Выход есть. Должен быть.

Колокольный звон эхом заметался по темнице, отражаясь от стен; высота звука слегка менялась, пока он не превратился в пугающий хор.

– Четыре утра, – сказал Джиллард. – Как полагаешь, когда убийца вновь станет мучить Томмера своей адской пылью?

Глаза его наполнились страданием: он вполне осознавал свою вину в том, что произошло. Герцог поглядел на прорези в двери.

– В первый день, когда Томмера схватили, я привел колдуна. Очень дорогого. Говорили, что это он произнес заклинание и разрушил стены замка в Невилле.

– И что он сказал?

Джиллард хрипло рассмеялся.

– Сказал, что если я хочу разрушить стены дворца, то за определенную плату он за это возьмется.

– Но не дверь?

– Железо, – объяснил герцог. – Все дело в нем. Оно ослабляет силы, которые насылает колдун.

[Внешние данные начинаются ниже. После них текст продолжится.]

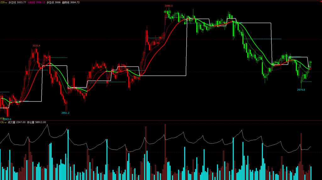 - 趋势线:动态趋势指标,用红绿色显示趋势方向

– Как это вообще работает? – спросил я, не ожидая ответа. Ненавижу магию.

– Кто знает? – ответил Джиллард. – Они говорят загадками и стихами, все эти колдуны и маги. Порой я ненавижу магию и всех, кто ей занимается. Надо было бросить этого наглого ублюдка в темницу, но, если ты пойдешь против одного, считай, что пошел против всех колдунов на свете.

Наверное, в этом был определенный смысл. В Тристии существовало несколько человек, которые на самом деле разбирались в магии. И они, вне всяких сомнений, привыкли присматривать друг за другом в случае необходимости. Жаль, что охранники темницы до этого не додумались.

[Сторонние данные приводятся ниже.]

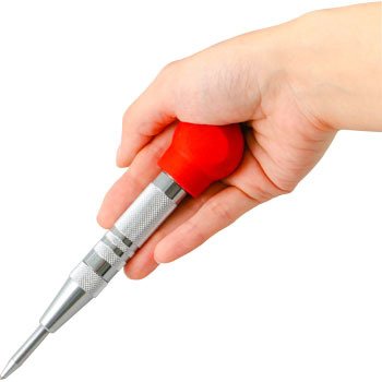 特長 / ハンマー不要!頭部を押さえるだけで正確な目打ちが出来ます。片手で打ち込めるので、真上の作業も簡単です。キャップの左右のネジリ具合で強弱の調整が出来ます。

Погоди-ка… А что, если додумались? Я посмотрел на Джилларда.

– Другие охранники – сколько их всего было?

– Четверо.

– Один в темнице – предположительно, мертв?

– Да, так сказал сэр Тужан.

Я поднялся.

– Мне нужно поговорить с оставшимися тремя!

– Зачем? – спросил Джиллард, тоже поднимаясь. – Я же сказал…

– Потому что вы убили охранников, потерявших ключ, и пригрозили уничтожить всех остальных, если он не найдется.

– Не понимаю, как…

– Вы сказали, что они дважды находили потерянный ключ. Каковы были шансы оба раза найти столь маленькую вещицу?

Джиллард смотрел на меня так, словно я не мог сложить два и два.

– Думаю, шансы высоки, раз уж они все-таки нашли его.

– В этом и суть, они его и не искали. Охранники знали, что умрут, если потерянный ключ не будет найден, поэтому они кое-что предприняли, чтобы защитить друг друга.

Джиллард нахмурился.

– Что?

Он так до сих пор и не понял. При всей своей жестокости и хитроумии он не замечал очевидного.

– Они сделали дубликат.


Щеки Шивалля задрожали, когда он покачал головой.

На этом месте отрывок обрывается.